We will be scraping information about Finnish athletes who have medaled at the Summer Olympics. For more information about scraping, consult the documentation for Beautiful Soup at https://www.crummy.com/software/BeautifulSoup/bs4/doc/. 

### Imports

In [None]:
import pandas as pd
from bs4 import BeautifulSoup
import requests
import time

## Downloading one web page

In [None]:
# the site we want to scrape
url = "https://en.wikipedia.org/wiki/Mira_Potkonen"

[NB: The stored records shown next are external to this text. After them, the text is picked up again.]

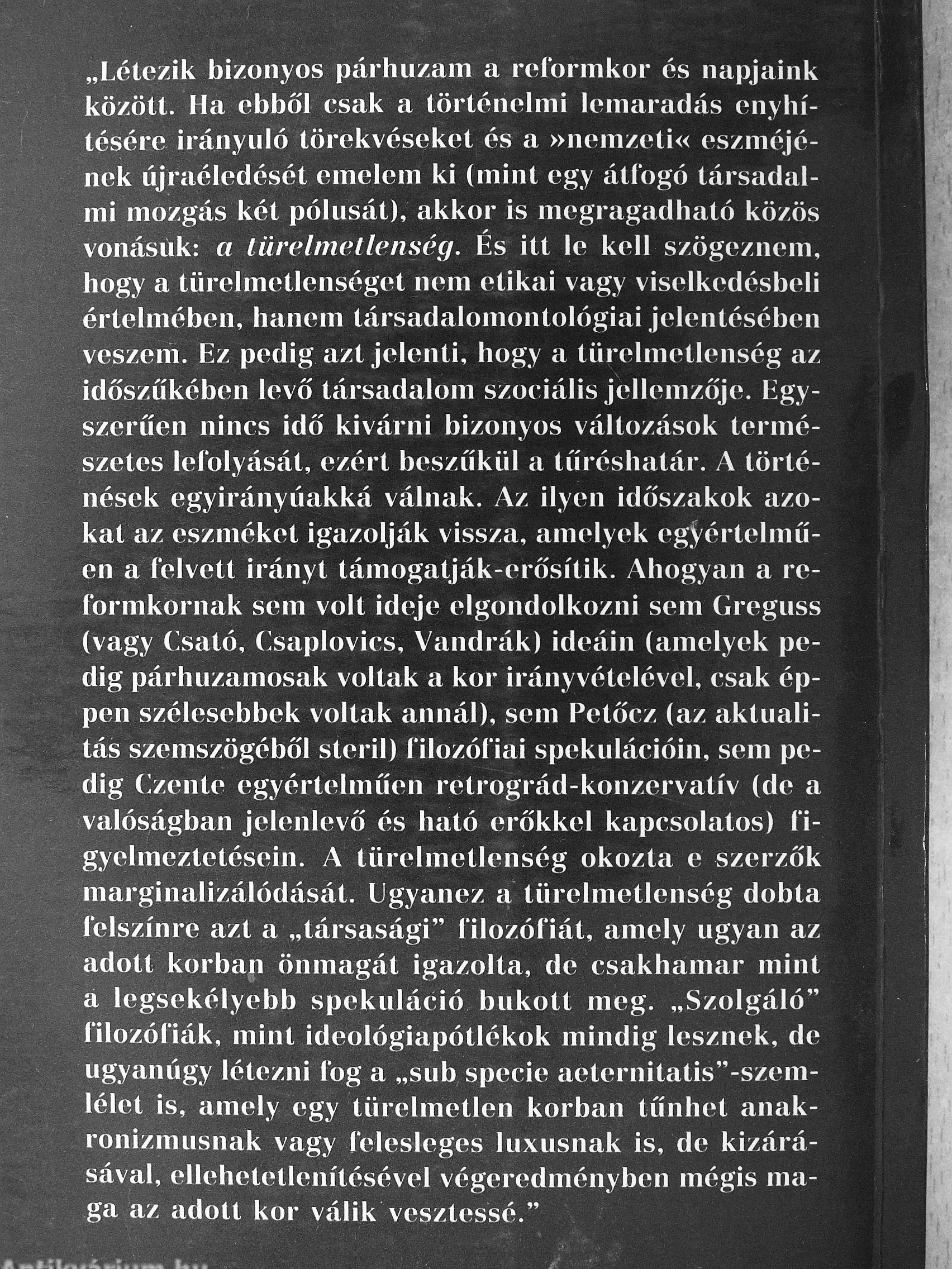 „Létezik bizonyos párhuzam a relormkor cs napjaink között. Ha ebből csak a történelmi lemaradás enyhítésére h'ányuló törekvéseket és a »nemzeti« es/méje-nek újraéledését emelem ki (mint egy átlögó társadalmi mozgás két pólusát), akkor Is megragadható közös vonásuk: a lürelmellenség. És Itt le kell szögeznem, hogy a türelmetlenséget nem etikai vagy viselkedésbeli értelmében, hanem társadalomontológiai jelentésében veszem. Ez pedig azt jelenti, hogy a türelmetlenség az Időszűkében levő társadalom szociális jellemzője. Egyszerűen nincs idő kivárni bizonyos változások természetes lefolyását, ezért beszűkül a tűréshatár. A történések egyirányúakká válnak. Az Ilyen időszakok azokat az eszméket Igazolják vissza, amelyek egyértelműen a felvett Irányt támogatják-erősítik. Ahogyan a reformkornak sem volt ideje elgondolkozni sem Greguss (vagy Csató, Csaplovics, Vandrák) Ideáin (amelyek pedig párhuzamosak voltak a kor irányvételével, csak éppen szélesebbek voltak annál), sem Petőcz (az...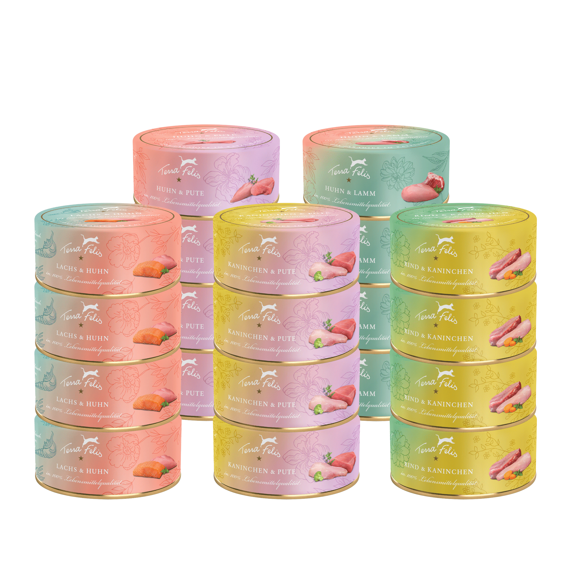 Con il 90% di carne e nutrienti interiora, i menù senza cereali di Terra Felis presentano una quota di carne molto alta. In tal modo, il gatto, che è un carnivoro in senso stretto, ottiene gli importanti acidi grassi Omega 6 e tante proteine animali necessarie per la produzione di energia e tutti i processi metabolici. Per il buon funzionamento di intestino e peristalsi intestinale, il gatto ha bisogno di una bassa quota di fibre. Tutti i menù di Terra Felis vengono quindi integrati con una varietà di verdura selezionata ed erba gatta. Le ricette vengono poi completate aggiungendo taurina e olio di colza, ricco di acidi grassi Omega 3. Gli ingredienti utilizzati sono esclusivamente di qualità human-grade al 100%. Qualità e freschezza si esprimono attraverso l’appetitoso, delizioso aroma dei menù, che garantisce un buon gradimento da parte dei felini.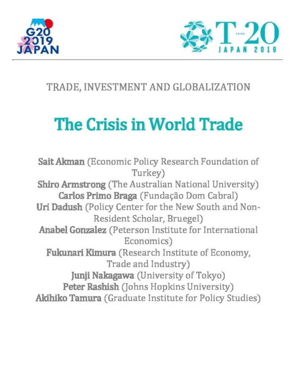 This policy brief (PB) provides decision-makers with a succinct review of the state of the trading system, to point to likely scenarios, and to serve as a background to or reference for the other six PBs prepared by the T20 Task Force on Trade, Investment and Globalization. The brief argues that the world trading system has been remarkably successful in many respects but that the present strain reflects causes which are deep-seated and require a strategic response. The future of the system depends critically on reinvigorating the WTO and policy change in the largest trading nations. Important measures are required to sustain the multilateral trading system, and urgent action is needed to avoid a scenario where the system fragments. The worst scenarios will disrupt global trade and see a world which splinters into large trading blocs (most likely centered around China, the European Union and the United States) and where trade relations are based to a large extent on relative power instead of rules. In such a world the smallest players – especially those whose trade is least covered by bilateral or regional agreements – will be at the greatest disadvantage. All countries will incur enormous costs only to try and reinvent a system that is already in place today under the WTO.
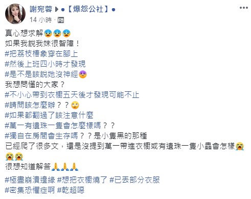 ▼原po在臉書社團《爆怨公社》中po文表示,「如果我說我妹很智障!把荔枝椿象穿在腳上,然後上班四小時才發現,是不是該說她沒神經?」從照片中可以看到,10幾顆蟲卵都附在襪子內側,而且有些還有孵化的現象!

# we ask the server for the webpage
r = requests.get(url)

r

In [None]:
# status code tells us about the server's response
r.status_code

In [None]:
# this is the webpage -- like if you clicked "View Source" in a broswer
r.content

## Working with the HTML

In [None]:
page = r.content

#parse page with bs4
soup = BeautifulSoup(page, 'html.parser')
soup

In [None]:
# make it look a little nicer
print(soup.prettify())

In [None]:
#selects the title element of this HTML page (<title>)
soup.title

In [None]:
#selects the text content of the title element of this HTML page
soup.title.text

In [None]:
#selects the first HTML large heading element (<h1>)
soup.find('h1')

In [None]:
#selects all the hyperlinks on the page (<a>)
soup.findAll('a')

### Try it out!

In [None]:
#write some code that selects the first table (<table>)



In [None]:
#write some code that selects all the items in lists on the page <li>



In [None]:
#write some code that selects the text within the first paragraph (<p>)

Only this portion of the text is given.